1992 New Delhi Lok Sabha seat by-election
| Candidate | Rajesh Khanna | Shatrughan Sinha |
| Party | INC | BJP |

= 1992 New Delhi by-election =

In June 1992 a by-election was held for the New Delhi seat in the Lok Sabha (lower house of the parliament of India). The by-election was called after the resignation of the incumbent Member of Parliament L.K. Advani.

==Background==
Bharatiya Janata Party leader Advani had won the New Delhi Lok Sabha seat in the 1989 and 1991 general elections. However, Advani had also won the Gandhinagar Lok Sabha seat in Gujarat in 1991, and thus opted to resign from the New Delhi seat.

The by-election was originally scheduled for November 1991, but was countermanded after the death of candidate Mukesh Kumar Garg of Kanpur.

==Candidates==
A whopping 125 candidates contested the by-election. The two main candidates were Bollywood star actors. The Indian National Congress fielded film star Rajesh Khanna as their candidate in the by-election. Khanna had contested against Advani in the 1991 election in New Delhi, and lost by a mere 1,589 votes. In the 1992 by-election his main opponent was another actor, Shatrughan Sinha of the BJP. Sinha, nicknamed 'Shotgun', had campaigned for the non-Congress opposition in the 1989, but without affiliating with any party at the time. In his 1992 campaign Sinha adopted a tough stance against Khanna and Prime Minister P.V. Narasimha Rao, challenging the Congress government on election promises made in the 1991 campaign. India Today compared his election rhetoric to his performance as the rogue Chhannoo in the 1971 hit Mere Apne.

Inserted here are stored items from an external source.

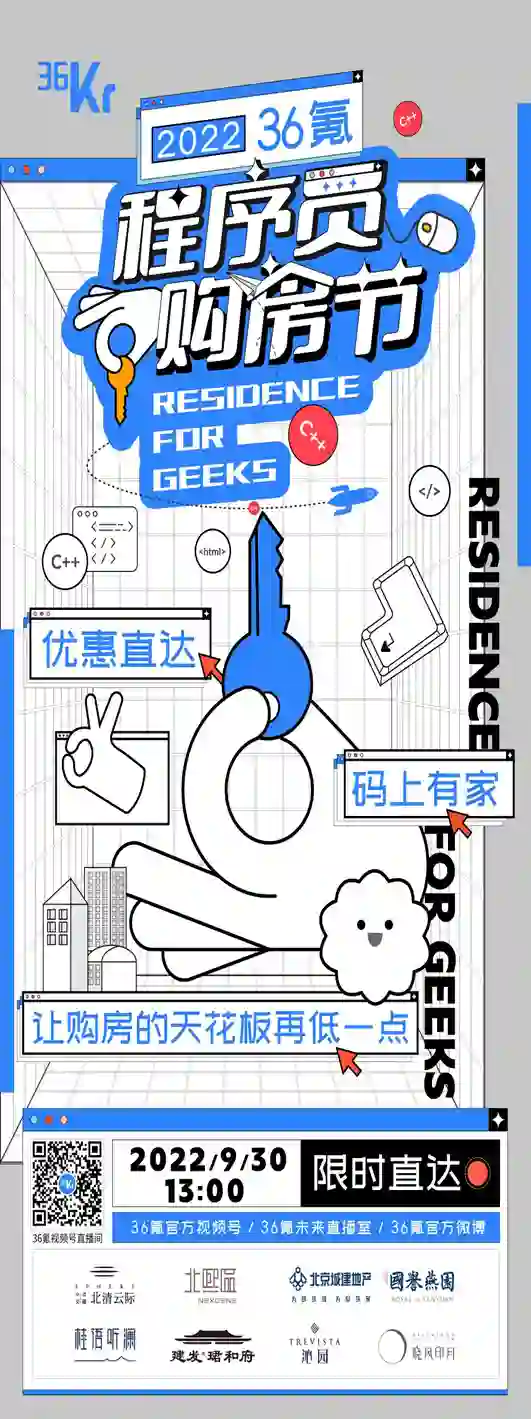 9月30日,36氪推出“程序员购房节”线上直播活动,参照程序员的选房标准,我们在全北京范围内精选出了7个优质楼盘,在直播间进行逐一讲解,覆盖每一个楼盘的区位优势、主力户型和价格区间。参与直播的项目还为本次活动带来了优惠福利。此外,整个直播的过程中还不定时会有红包掉落,拼手气的时候又到了。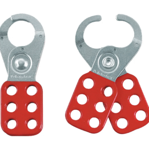Traditional style lockout/tagout scissor hasp for up to 6 locks Plated Steel Lockout Hasp with Red Vinyl Coating Suits padlocks up to 9mm shackle diameter 25mm diameter jaws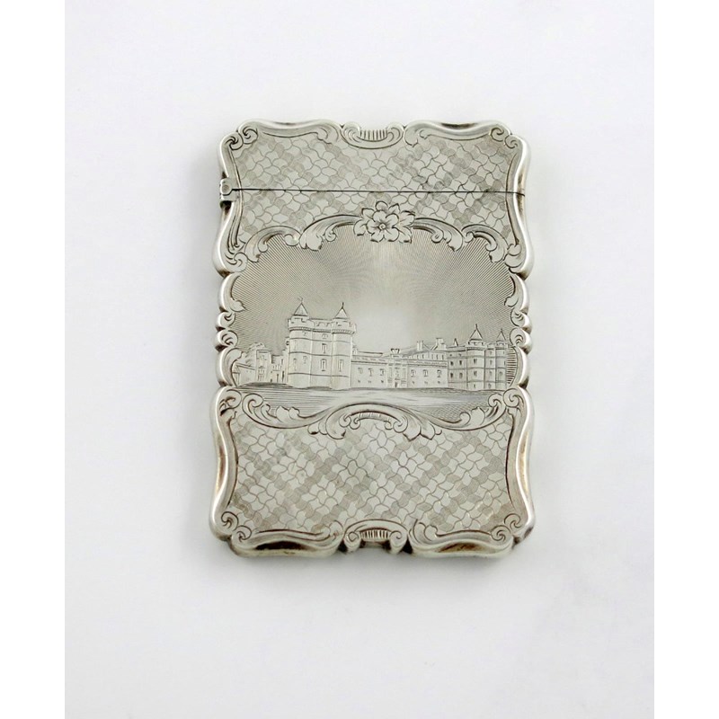 A Victorian silver engraved 'castle-top' card case, The Palace of Holyroodhouse, Edinburgh,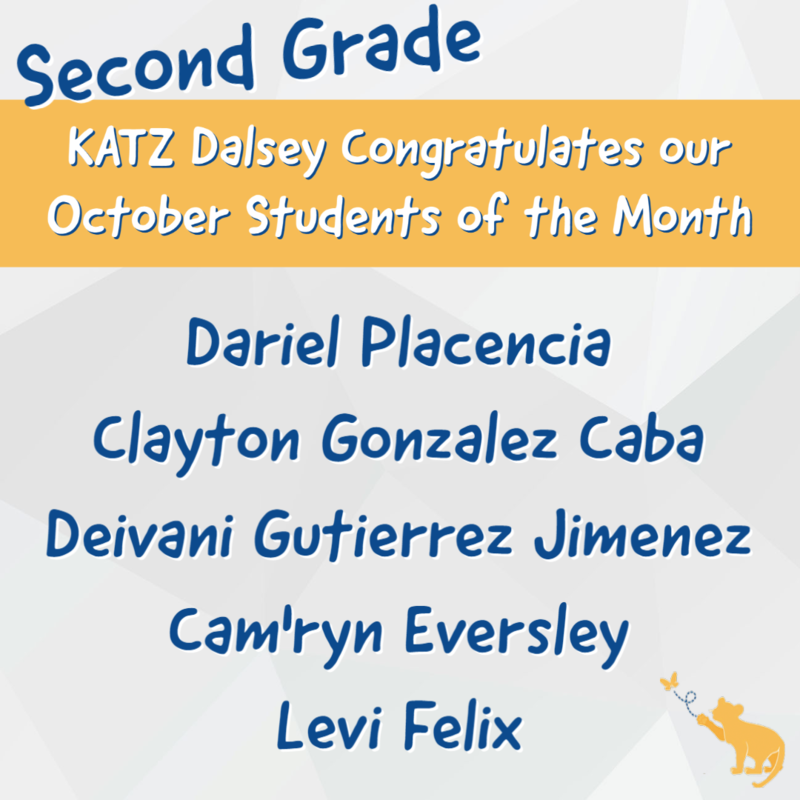 Congratulations to our KATZ Dalsey October Students of the Month! Your hard work and good attitude is recognized and appreciated!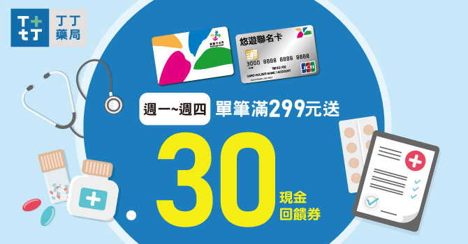 活動期間每週一至週四,悠遊付會員持記名悠遊卡/悠遊聯名卡於全台丁丁藥局實體門市,以悠遊卡功能單筆扣款消費滿299元(含)以上,即享30元悠遊付現金回饋券1份,單筆不累贈,每帳戶限領25份,總回饋券限量6,000份,送完為止。

BJP leaders campaigning on behalf of Sinha included Uma Bharti, Madan Lal Khurana, and Vijay Kumar Malhotra. Advani was notably absent from the campaign.

Khanna's campaigners included H.K.L. Bhagat, R.K. Dhawan, and Vidya Charan Shukla. It was reported that H.K.L. Bhagat had also sought the Congress nomination for the by-election.

The wives of the two contending film stars, Dimple Kapadia and Poonam Sinha, played a prominent role in mobilizing crowds for their husband's campaign rallies.

Jai Bhagwan Jatav stood as the Janata Dal candidate in the by-election. Jatav was expected to do well amongst Muslim voters. In the buildup to the demolition of the Babri Masjid later in 1992, Muslims tended to perceive P.V. Narasimha Rao's Congress as taking a soft stance on the advance of the Hindutva movement.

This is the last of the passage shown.